The book became a massive bestseller, and the diet still has devoted followers today. But despite its popularity, the scientific evidence tells a very different story.
The Theory
D'Adamo's hypothesis is based on the idea that different blood types evolved at different points in human history, and that the foods available during each era are the ones we're genetically programmed to eat:
Type O - "The Hunter"
Supposedly the oldest blood type. Recommended: high-protein diet with meat, fish, vegetables. Avoid: grains, legumes, dairy.
Type A - "The Agrarian"
Evolved with agriculture. Recommended: vegetarian diet with grains, legumes, vegetables. Avoid: meat, dairy.
Type B - "The Nomad"
Evolved in nomadic populations. Recommended: balanced diet including meat, dairy, grains, vegetables. Avoid: chicken, corn, wheat.
Type AB - "The Enigma"
Most recent blood type. Recommended: combination of A and B guidelines. Avoid: caffeine, alcohol, smoked meats.
The Problem: No Evidence It Works
The blood type diet sounds scientific. It has evolutionary logic, specific recommendations, and millions of satisfied followers. But when researchers actually tested whether it works, they found nothing.
The Definitive Study
In 2014, researchers at the University of Toronto conducted a systematic review of all available evidence on the blood type diet. They analysed data from 1,455 participants and found "no evidence to support the blood type diet theory." People who followed the diets recommended for their blood type showed no better health outcomes than those who didn't.
A follow-up study in 2018 looked specifically at cardiovascular risk factors. Again, no association was found between blood type-specific diets and health outcomes.

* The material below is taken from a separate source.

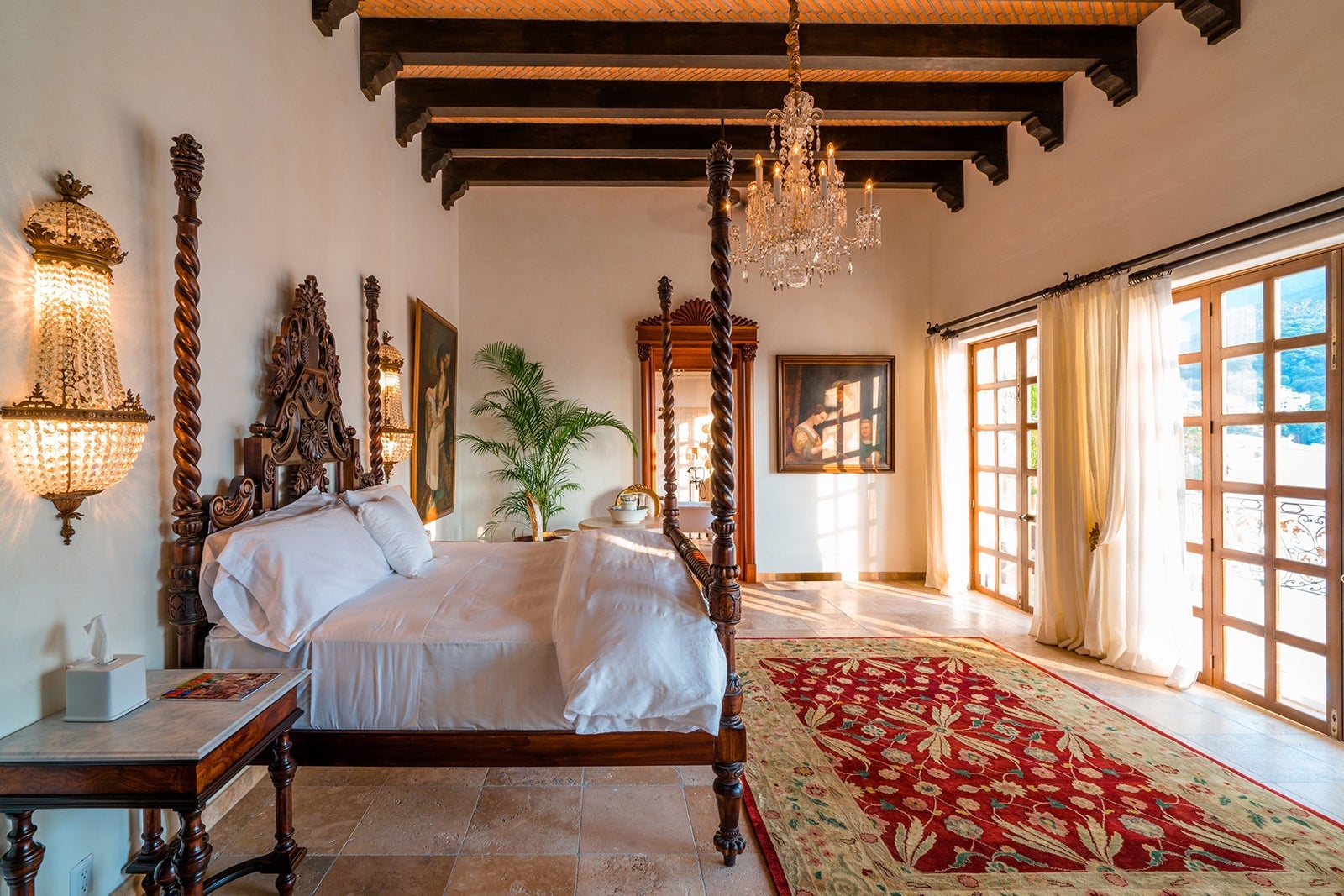 Stepping through the wrought-iron gate of Casa Kimberly is like stepping back in time. The historic, Mediterranean-style villa sits atop a cobblestone-covered hillside overlooking the rustic red tile rooftops of Puerto Vallarta's Zona Romantica. Inside are glittering chandeliers, colonnaded terraces and a striking, larger-than-life-sized portrait of Elizabeth Taylor, her blue eyes practically piercing your soul.

Why Some People Feel Better
Many blood type diet followers report feeling healthier. This isn't surprising, but it's not because of blood type matching:
- Any structured diet beats no structure - Simply paying attention to what you eat tends to improve diet quality
- Reduced processed foods - Most versions of the diet emphasise whole foods
- Placebo effect - Believing a diet will work has genuine psychological benefits
- Vegetable increase - Most versions emphasise more vegetables
In other words, people feel better because they're eating more thoughtfully - not because they matched their diet to their blood type.

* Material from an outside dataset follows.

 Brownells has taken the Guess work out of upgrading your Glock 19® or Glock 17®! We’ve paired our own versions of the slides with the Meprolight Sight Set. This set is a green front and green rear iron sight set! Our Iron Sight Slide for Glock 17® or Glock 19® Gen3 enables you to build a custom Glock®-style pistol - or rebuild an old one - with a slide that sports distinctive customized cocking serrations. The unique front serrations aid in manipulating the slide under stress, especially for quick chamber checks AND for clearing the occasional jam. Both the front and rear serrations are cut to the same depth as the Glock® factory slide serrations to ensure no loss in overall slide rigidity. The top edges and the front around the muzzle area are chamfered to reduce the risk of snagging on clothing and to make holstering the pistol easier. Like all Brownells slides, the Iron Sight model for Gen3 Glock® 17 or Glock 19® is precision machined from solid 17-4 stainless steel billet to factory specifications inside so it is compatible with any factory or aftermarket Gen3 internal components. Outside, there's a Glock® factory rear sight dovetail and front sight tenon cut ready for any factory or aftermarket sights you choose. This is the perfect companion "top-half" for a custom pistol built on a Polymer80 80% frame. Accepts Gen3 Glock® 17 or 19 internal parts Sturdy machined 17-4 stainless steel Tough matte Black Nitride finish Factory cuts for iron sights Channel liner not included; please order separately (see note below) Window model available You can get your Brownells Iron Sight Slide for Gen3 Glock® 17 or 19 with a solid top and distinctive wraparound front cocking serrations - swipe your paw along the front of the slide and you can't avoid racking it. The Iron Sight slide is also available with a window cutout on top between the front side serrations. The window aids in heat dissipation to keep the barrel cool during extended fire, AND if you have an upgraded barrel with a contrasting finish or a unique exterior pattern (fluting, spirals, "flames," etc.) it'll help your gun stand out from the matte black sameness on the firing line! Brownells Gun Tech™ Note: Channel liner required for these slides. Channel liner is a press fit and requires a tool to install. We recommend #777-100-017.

The Evolutionary Argument Doesn't Hold Up
D'Adamo's theory also has fundamental problems with its evolutionary claims:
- Blood types are older than claimed - Type A isn't a recent agricultural adaptation; it's found in other primates and predates modern humans
- Geographic distribution doesn't match - If type O was optimal for meat-eating, we'd expect it to dominate in pastoral societies, but it doesn't
- The lectin theory is unsupported - D'Adamo claims certain food lectins react with blood type antigens, but this hasn't been demonstrated in controlled studies
The Verdict
Despite being a bestseller for nearly 30 years, the blood type diet has never been validated by peer-reviewed research. Multiple studies have specifically looked for the effect and found nothing. This is as close to "debunked" as nutrition science gets.
What Actually Matters for Diet
While blood type doesn't determine your optimal diet, plenty of things do:
- Your preferences - A diet you'll actually follow beats a "perfect" diet you won't
- Your activity level - Active people need more calories and often more carbohydrates
- Your health conditions - Diabetes, heart disease, and other conditions have genuine dietary implications
- Your microbiome - Gut bacteria may influence how you respond to certain foods (research ongoing)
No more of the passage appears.